● **TASK REQUIREMENTS**: The answer is the exact run of lines in the listing below from the line containing "El yapımı Renkli" up to and including the line containing "仪式开始,龙口市人大副主任曹", with pictures removed.

● **TASK INPUTS**:
━━━━━━

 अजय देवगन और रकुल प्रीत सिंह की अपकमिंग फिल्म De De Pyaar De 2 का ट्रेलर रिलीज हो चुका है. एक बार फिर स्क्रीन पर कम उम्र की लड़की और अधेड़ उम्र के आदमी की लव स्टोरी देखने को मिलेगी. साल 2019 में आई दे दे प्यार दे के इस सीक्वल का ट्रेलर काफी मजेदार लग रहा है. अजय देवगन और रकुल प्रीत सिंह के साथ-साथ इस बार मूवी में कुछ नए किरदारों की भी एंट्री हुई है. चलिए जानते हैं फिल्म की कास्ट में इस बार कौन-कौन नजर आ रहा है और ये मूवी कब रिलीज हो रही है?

━━━━━━

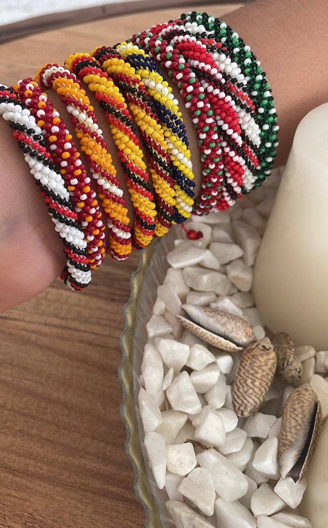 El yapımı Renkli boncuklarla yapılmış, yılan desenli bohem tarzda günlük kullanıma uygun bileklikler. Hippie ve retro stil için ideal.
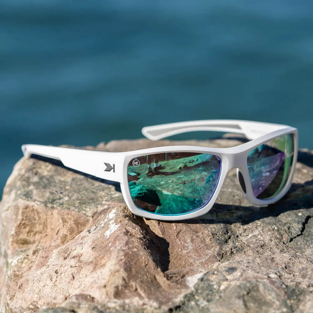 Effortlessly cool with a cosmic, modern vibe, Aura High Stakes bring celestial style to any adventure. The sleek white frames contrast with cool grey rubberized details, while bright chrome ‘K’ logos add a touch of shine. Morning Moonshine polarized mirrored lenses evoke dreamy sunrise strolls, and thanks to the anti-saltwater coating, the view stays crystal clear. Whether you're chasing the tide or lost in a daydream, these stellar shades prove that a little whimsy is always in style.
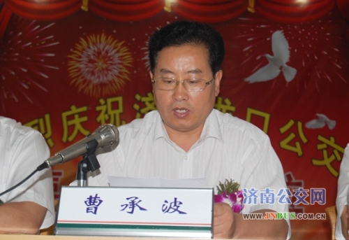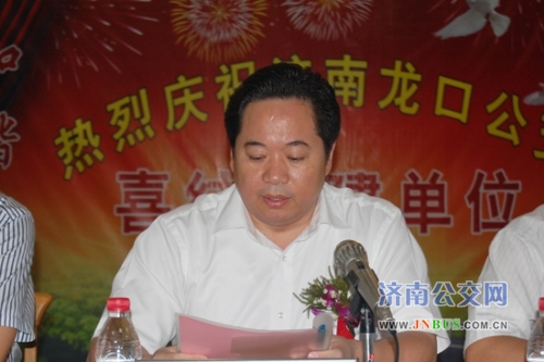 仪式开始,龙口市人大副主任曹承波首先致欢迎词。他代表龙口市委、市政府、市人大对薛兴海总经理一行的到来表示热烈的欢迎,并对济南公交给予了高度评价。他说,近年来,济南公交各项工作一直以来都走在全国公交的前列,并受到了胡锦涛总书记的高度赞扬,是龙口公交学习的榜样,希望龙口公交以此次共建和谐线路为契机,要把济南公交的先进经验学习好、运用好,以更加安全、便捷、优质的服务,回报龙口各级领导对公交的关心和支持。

━━━━━━

● **RESPONSE TO THE TASK**:
 El yapımı Renkli boncuklarla yapılmış, yılan desenli bohem tarzda günlük kullanıma uygun bileklikler. Hippie ve retro stil için ideal.
 Effortlessly cool with a cosmic, modern vibe, Aura High Stakes bring celestial style to any adventure. The sleek white frames contrast with cool grey rubberized details, while bright chrome ‘K’ logos add a touch of shine. Morning Moonshine polarized mirrored lenses evoke dreamy sunrise strolls, and thanks to the anti-saltwater coating, the view stays crystal clear. Whether you're chasing the tide or lost in a daydream, these stellar shades prove that a little whimsy is always in style.
 仪式开始,龙口市人大副主任曹承波首先致欢迎词。他代表龙口市委、市政府、市人大对薛兴海总经理一行的到来表示热烈的欢迎,并对济南公交给予了高度评价。他说,近年来,济南公交各项工作一直以来都走在全国公交的前列,并受到了胡锦涛总书记的高度赞扬,是龙口公交学习的榜样,希望龙口公交以此次共建和谐线路为契机,要把济南公交的先进经验学习好、运用好,以更加安全、便捷、优质的服务,回报龙口各级领导对公交的关心和支持。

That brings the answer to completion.